Among the lines below, copy exactly those from the one with "A confirmação veio" through the one with "For this year's", counting both ends.

Data provided:
○ ○ ○ ○

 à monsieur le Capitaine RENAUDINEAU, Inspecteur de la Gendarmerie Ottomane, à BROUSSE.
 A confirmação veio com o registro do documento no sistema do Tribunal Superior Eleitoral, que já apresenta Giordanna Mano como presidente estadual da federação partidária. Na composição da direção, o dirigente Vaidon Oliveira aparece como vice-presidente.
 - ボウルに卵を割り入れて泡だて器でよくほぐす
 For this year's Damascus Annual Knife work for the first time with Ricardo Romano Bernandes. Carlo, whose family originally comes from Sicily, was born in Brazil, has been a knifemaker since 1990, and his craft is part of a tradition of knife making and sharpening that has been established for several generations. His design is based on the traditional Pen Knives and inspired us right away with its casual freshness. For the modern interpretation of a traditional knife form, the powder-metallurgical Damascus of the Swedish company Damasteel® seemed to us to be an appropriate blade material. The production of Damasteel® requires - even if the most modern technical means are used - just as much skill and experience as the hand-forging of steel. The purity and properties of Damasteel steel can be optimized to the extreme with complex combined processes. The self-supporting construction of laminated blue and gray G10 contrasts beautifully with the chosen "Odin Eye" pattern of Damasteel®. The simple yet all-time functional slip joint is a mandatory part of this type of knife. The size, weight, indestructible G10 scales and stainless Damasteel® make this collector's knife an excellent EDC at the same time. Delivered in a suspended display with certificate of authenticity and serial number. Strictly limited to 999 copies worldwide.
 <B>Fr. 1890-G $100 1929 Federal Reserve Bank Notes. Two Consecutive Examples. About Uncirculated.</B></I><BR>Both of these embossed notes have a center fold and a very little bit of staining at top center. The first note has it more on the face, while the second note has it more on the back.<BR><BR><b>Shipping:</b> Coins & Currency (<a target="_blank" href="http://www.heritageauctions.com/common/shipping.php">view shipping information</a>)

○ ○ ○ ○

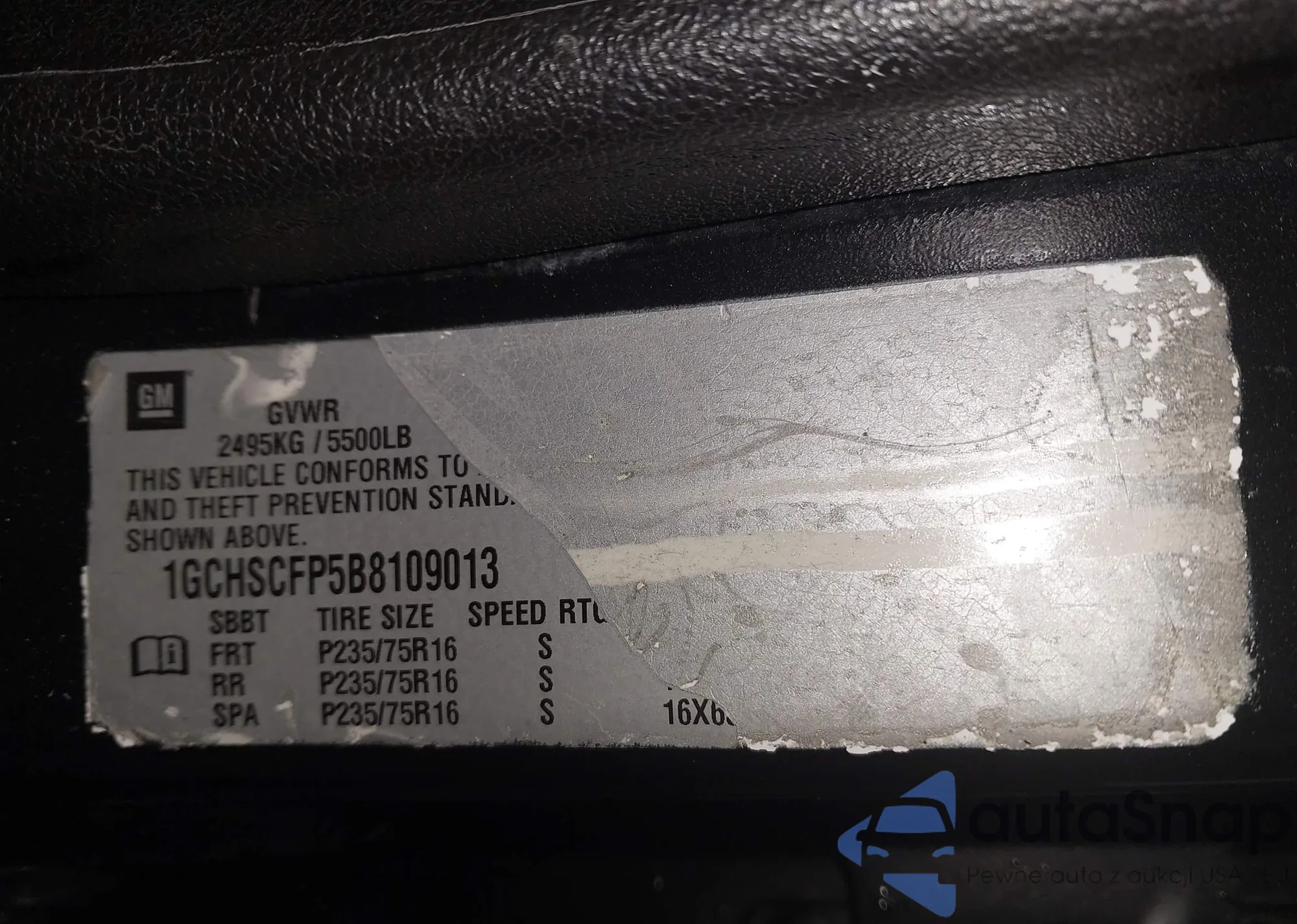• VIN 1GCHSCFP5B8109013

○ ○ ○ ○

Solution:
 A confirmação veio com o registro do documento no sistema do Tribunal Superior Eleitoral, que já apresenta Giordanna Mano como presidente estadual da federação partidária. Na composição da direção, o dirigente Vaidon Oliveira aparece como vice-presidente.
 - ボウルに卵を割り入れて泡だて器でよくほぐす
 For this year's Damascus Annual Knife work for the first time with Ricardo Romano Bernandes. Carlo, whose family originally comes from Sicily, was born in Brazil, has been a knifemaker since 1990, and his craft is part of a tradition of knife making and sharpening that has been established for several generations. His design is based on the traditional Pen Knives and inspired us right away with its casual freshness. For the modern interpretation of a traditional knife form, the powder-metallurgical Damascus of the Swedish company Damasteel® seemed to us to be an appropriate blade material. The production of Damasteel® requires - even if the most modern technical means are used - just as much skill and experience as the hand-forging of steel. The purity and properties of Damasteel steel can be optimized to the extreme with complex combined processes. The self-supporting construction of laminated blue and gray G10 contrasts beautifully with the chosen "Odin Eye" pattern of Damasteel®. The simple yet all-time functional slip joint is a mandatory part of this type of knife. The size, weight, indestructible G10 scales and stainless Damasteel® make this collector's knife an excellent EDC at the same time. Delivered in a suspended display with certificate of authenticity and serial number. Strictly limited to 999 copies worldwide.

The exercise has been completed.